← Back to context

Comment by hansvm

3 months ago

When flakes are caused by bugs, the asymptotics are much worse in large software projects. Ignoring context and individualized distributions for each test for simplicity (in the spirit of the blog post), any given unit of buggy code has some probability p of causing a flake. When that code is used n times (or, more abhorrently, when there are n levels of p-flaky code) in the process, you have a 1-(1-p)^n chance of a given test failing. Apply the flake equation, and you get a runtime of:

O(f exp((1-(1-p)^n) f))

Your worst-case asymptote is still O(f exp(f)), but you hit it incredibly quickly because of the additional exponential in p. A single additional layer of abstraction (calling the same buggy subroutines a few more times) is all it takes to tip the scales from a manageable testing environment to a flaky time-suck.

It's not just in testing. If your software has those sorts of problems and isn't designed from the ground up to reduce the impact of errors (like how the shuttle program was built hierarchially in terms of redundant subsystems, and the flakiness of individual parts didn't have an exponential impact on the flakiness of the composite system), the same equations dictate that you'll have a critical threshold beyond which you have customer-facing bugs you can no longer ignore.

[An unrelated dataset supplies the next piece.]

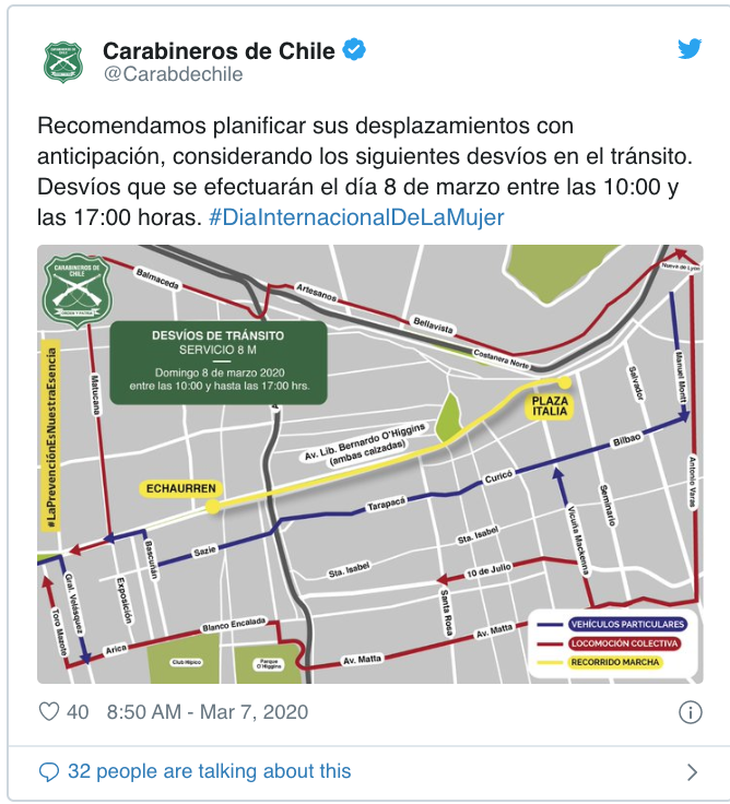 “Recomendamos planificar sus desplazamientos con anticipación, considerando los siguientes desvíos en el tránsito. Desvíos que se efectuarán el día 8 de marzo entre las 10:00 y las 17:00 horas. #DiaInternacionalDeLaMujer”, puso la institución uniformada en su cuenta de Twitter.
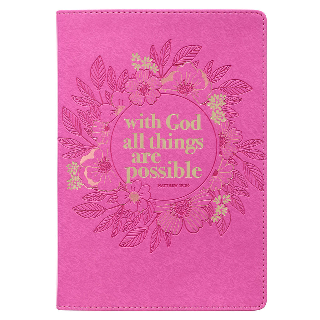 The pretty in pink cover of the All Things Are Possible Pink Faux Leather Classic Journal brings a message of confidence to your day. As you write out your prayer requests within this journal, know that nothing is too big to bring before the almighty God.

The author argues a bit against reducing the baseline flakiness (requiring expensive engineers for an unbounded set of potential issues). That's probably a reasonable approach for cosmic rays, rowhammer, and whatnot for most software applications. Compared to writing the code in the first place though, it's usually very cheap to also (1) name the function well, (2) make the function total (behaving reasonably for all inputs allowed by the type system), and (3) add a couple tests for that function. The extra development velocity you get from not building on shaky foundations is usually substantial in comparison. The second you have to worry about a transitive bug in the stack you have an exponential explosion in code-paths to examine when the feature you're building has any sort of reliability requirements, and those exponential costs add up quickly compared to a flat +10%, +30%, +100%, ... in time to commit each solid unit of code.